Elon Musk is probably chuckling as Trump flails. The firestorm around the Epstein documents arguably started when he tweeted that Trump was in the files.

Which has led to some significant changes in the Trump/media/politics/deep-state landscape that it is important to review. They include questions about the future of Trump, his cult followers, a possible power struggle between Trump and Murdoch, and JD Vance’s Presidential ambitions.

To begin: if you want everything around the Epstein furor to make sense, all you have to understand is that Donald Trump has been leading a cult.

Like Jim Jones did. Like Charles Manson did. Like Rajneesh did here in Oregon. Unlike Manson, but more like Rajneesh and Jim Jones, however, Trump’s cult is fairly large and preexisted his appearance on the scene. And that’s part of his problem.

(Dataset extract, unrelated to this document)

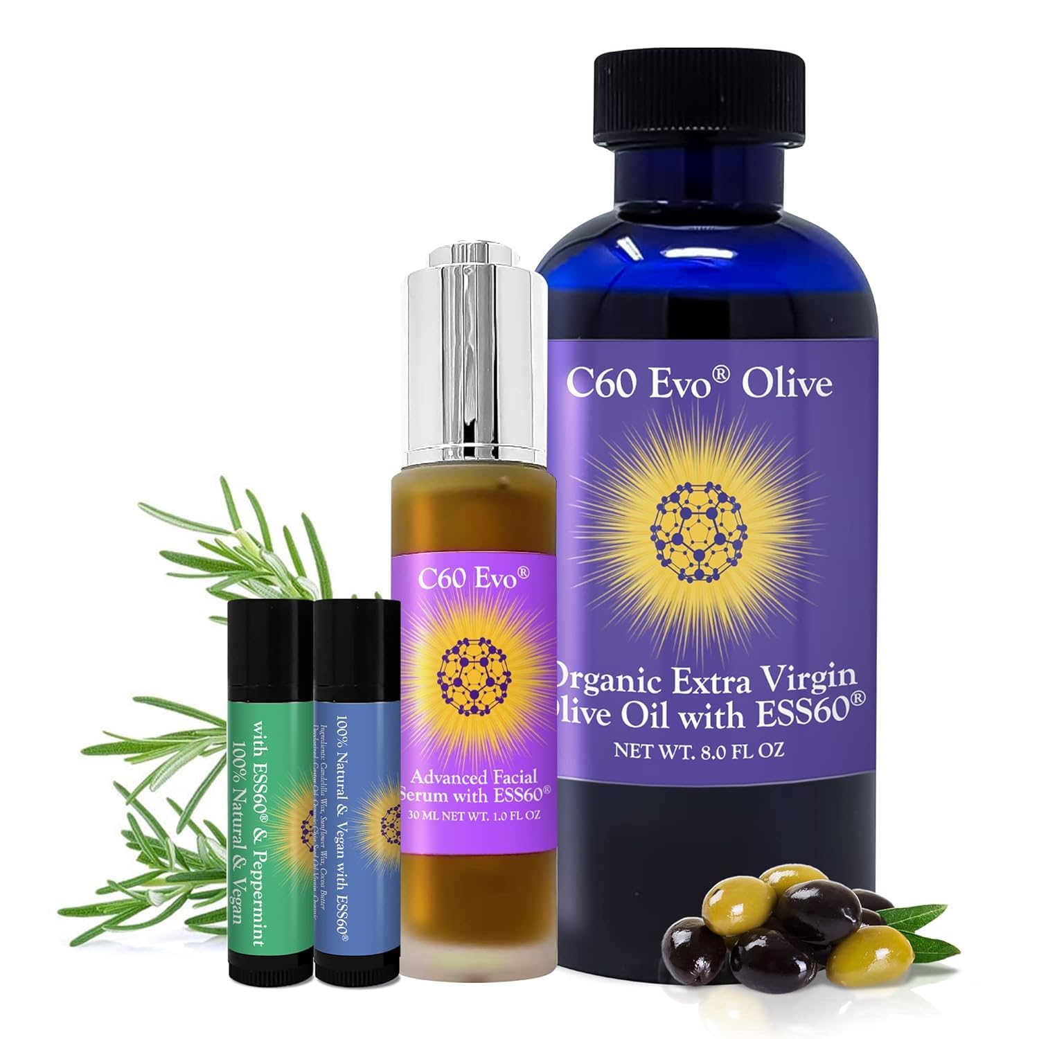 Give the Gift of Healthy Skin - Looking for a thoughtful present for a loved one? Share the joys of glowing, hydrated skin with our skin care set! Our natural lip balm, serum for face, and olive oils are ideal for all genders, ages, and skin types. Made with Vegan Ingredients - Our facial serum and lip care products not only contain pure ESS60 but also natural and vegan ingredients. This specially formulated blend helps the skin soften and heal. Unlock the potential of a true miracle molecule with our C60 EVO supplement and skin care products. Restores Your Youthful Glow - Be confident in your skin with C60 Evo's natural face and lip care products. Our C60 olive oil and hydrating serum helps reduce fine lines, swelling, and cellular damage, so you can easily beat the signs of advancing years. Nourishing and Hydrating - Get a daily dose of hydration with our rosemary scented facial serum and lip renewal set. Your skin will enjoy the excellent pampering, resulting in soft and dewy freshness on your face and lips. Complete Face Care Set - Achieve your skin goals with our antioxidant-rich skin care set. It consists of 1 bottle of ESS60 and edible extra virgin olive oil, 1 bottle of advanced facial serum, and 2 lip renewal balms, all infused with pure ESS60. Get glowing and moisturized skin and lips easily with this set.

It’s large enough to have in it three kinds of people.

The first kind of person is the “true believer.” They make up most of the Trump cult members, what we call MAGA. They’re usually pretty much willing to overlook anything Dear Leader does, much like the devoted followers of Rajaneesh and Jim Jones.

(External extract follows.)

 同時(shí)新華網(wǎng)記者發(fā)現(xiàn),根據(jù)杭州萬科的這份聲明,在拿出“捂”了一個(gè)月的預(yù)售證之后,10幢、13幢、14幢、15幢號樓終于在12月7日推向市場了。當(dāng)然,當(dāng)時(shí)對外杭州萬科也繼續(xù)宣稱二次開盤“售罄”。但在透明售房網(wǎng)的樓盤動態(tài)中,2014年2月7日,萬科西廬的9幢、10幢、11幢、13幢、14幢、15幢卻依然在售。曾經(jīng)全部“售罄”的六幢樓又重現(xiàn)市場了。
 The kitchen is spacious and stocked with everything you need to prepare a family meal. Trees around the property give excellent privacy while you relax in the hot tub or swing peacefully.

And then there are the “facilitators.” These are cynical people who don’t believe the cult leader’s BS, but go along with it — and even promote it — because it works to their benefit. They are typically parasitic. They usually make their money from the members of the cult, or get power from them (votes in this case), and often use their position in the cult to gain other benefits like sexual favors or fame.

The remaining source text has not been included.